Sunday, December 23, 2007

More on the Revolutionary War

The other day I posted some thoughts on 1776, the book by David McCullough. Today the Washington Post has an opinion piece by Joseph Ellis, a professor at Mt. Holyoke, suggesting that the question of what our founding fathers would do today (in Iraq) was pretty meaningless, since they would not understand the question, and are centuries dead so we can't ask it of them. He substitutes the question of what studying them leads him to believe about the present situation. Good point!

He also says:
Washington eventually realized -- and it took him three years to have this epiphany -- that the only way he could lose the Revolutionary War was to try to win it. The British army and navy could win all the major battles, and with a few exceptions they did; but they faced the intractable problem of trying to establish control over a vast continent whose population resented and resisted military occupation.
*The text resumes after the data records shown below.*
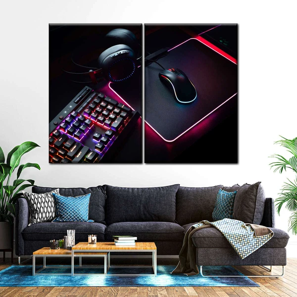 Take a look at gaming room size, video gaming-themed art, pc gaming chairs, trendy furniture, and retro library.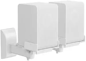 TNP Speaker Wall Mounts - Dual Side Clamping Bookshelf Mounting Bracket for Large Surround Sound Speaker with Adjustable Swivel & Tilt Angle for Home & Studio, up to 55 lbs, 2 Pack, White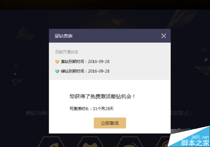 2.在没有登录的星钻活动页面点击点亮星钻,会提示让你激活星钻,点击激活。

As the old counterinsurgency mantra goes, Washington won by not losing, and the British lost by not winning. Our dilemma in Iraq is analogous to the British dilemma in North America -- and is likely to yield the same outcome.
Comment: Well said. Of course, with a couple of centuries more experience, it is easier for us to see the nature of anti-colonial insurgency, so the few years it took for Washington to realize the nature of the war he was fighting should not be held against him.

However, I think Ellis' extrapolation to Iraq may be wrong on one point. The English could not hold the colonies by force because they could not afford to do so, and were they seriously to have tried the French would probably have "eaten their lunch". The United States will not hold Iraq by force because our governmental process will not choose to do so. In part, the difference is one between a colonial power and an anti-colonial power. On the other hand, it is also due to the fact that the citizens, voters, and power structure of this country don't care enough about Iraq to spend the money and lives that it would take to do so, and the public would eventually be sickened by the television coverage of the violence needed to hold captive an foreign people.

Still, the Ellis' basic point is important. It is very difficult and expensive to hold subject a people who don't want to be controlled at a distance of thousands of miles.